> **The task**: As written and without pictures, set down the lines from the one that contains "or minimalist interiors." through the end of the data.

> **Data block**:
◆ ◆ ◆ ◆ ◆ ◆ ◆

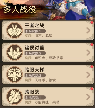 多人戰(zhàn)役的玩法涵蓋【跨服天梯】【跨服戰(zhàn)】【王者之戰(zhàn)】【諸侯討董】【烏巢押運】這些內(nèi)容。玩家參與這些相關(guān)玩法,就能獲取對應(yīng)的游戲資源材料。
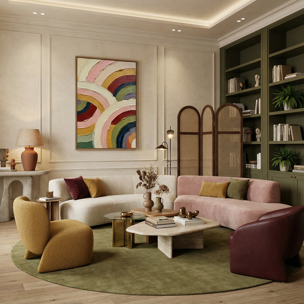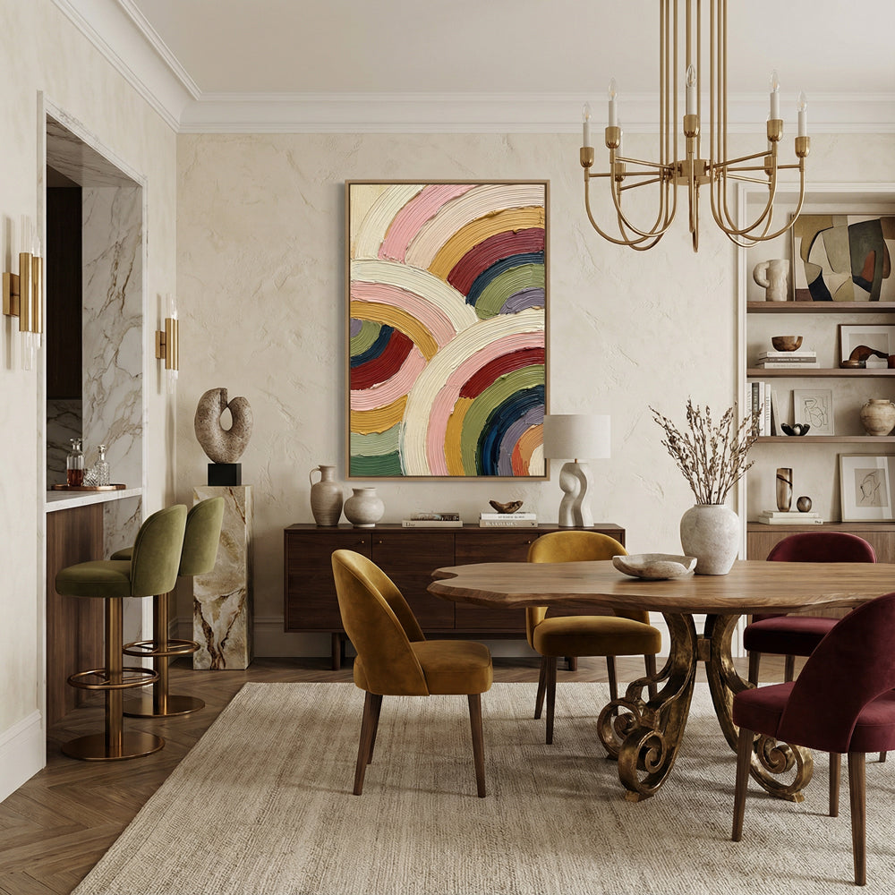 • This artwork is created in a contemporary abstract style, inspired by repeating arc and rainbow-like forms. Soft cream, blush pink, olive green, warm yellow, burgundy, and muted blue are layered in sweeping curves, creating a sense of harmony and visual balance. Thick oil paint is applied entirely by hand using a palette knife, resulting in pronounced textures and rhythmic movement across the canvas. Each painting is individually crafted, making it truly unique. As a modern wall art piece, it brings warmth, optimism, and refined artistic character to living spaces, bedrooms, or minimalist interiors.
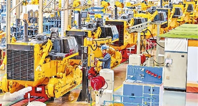 近年來(lái),山東山推工程機(jī)械股份有限公司積極響應(yīng)“一帶一路”倡議,主要產(chǎn)品在“一帶一路”沿線均有銷售。圖為在山推總裝車間,工人正在作業(yè)。 |
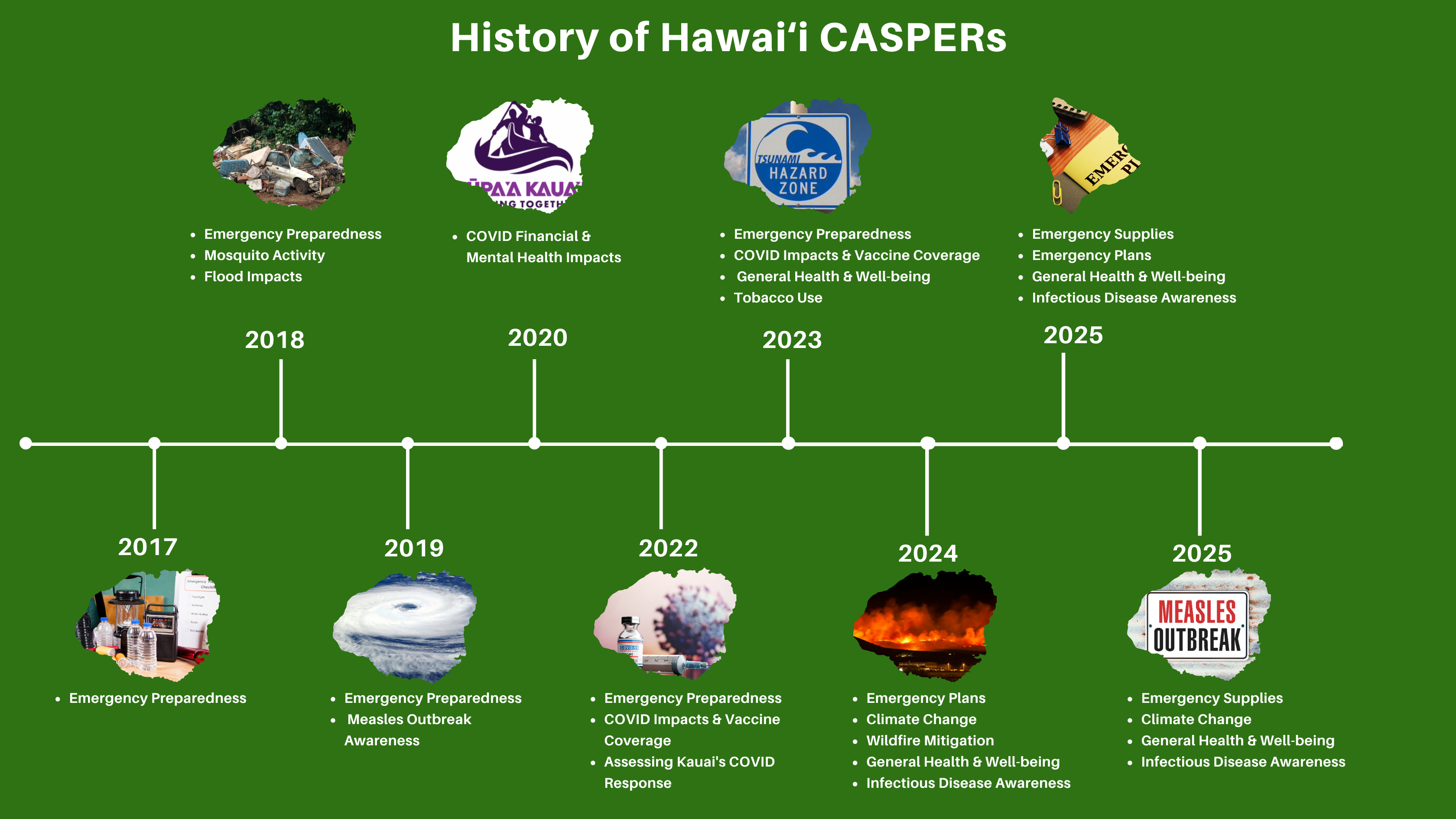 While the CASPER methodology is typically used to assess disaster-related impacts and needs, CASPERs can also be used to establish baseline preparedness levels and build capacity to conduct CASPERs post-disaster. The Kauai District Health Office (KDHO) conducted CASPERs annually from 2017-2025 (excluding 2021) to monitor trends in the emergency preparedness of island residents. Several of these CASPERs also included disaster components such as evaluating impacts from a major flood event as well as the COVID-19 pandemic.

◆ ◆ ◆ ◆ ◆ ◆ ◆

> **Solution**:
 • This artwork is created in a contemporary abstract style, inspired by repeating arc and rainbow-like forms. Soft cream, blush pink, olive green, warm yellow, burgundy, and muted blue are layered in sweeping curves, creating a sense of harmony and visual balance. Thick oil paint is applied entirely by hand using a palette knife, resulting in pronounced textures and rhythmic movement across the canvas. Each painting is individually crafted, making it truly unique. As a modern wall art piece, it brings warmth, optimism, and refined artistic character to living spaces, bedrooms, or minimalist interiors.
 近年來(lái),山東山推工程機(jī)械股份有限公司積極響應(yīng)“一帶一路”倡議,主要產(chǎn)品在“一帶一路”沿線均有銷售。圖為在山推總裝車間,工人正在作業(yè)。 |
 While the CASPER methodology is typically used to assess disaster-related impacts and needs, CASPERs can also be used to establish baseline preparedness levels and build capacity to conduct CASPERs post-disaster. The Kauai District Health Office (KDHO) conducted CASPERs annually from 2017-2025 (excluding 2021) to monitor trends in the emergency preparedness of island residents. Several of these CASPERs also included disaster components such as evaluating impacts from a major flood event as well as the COVID-19 pandemic.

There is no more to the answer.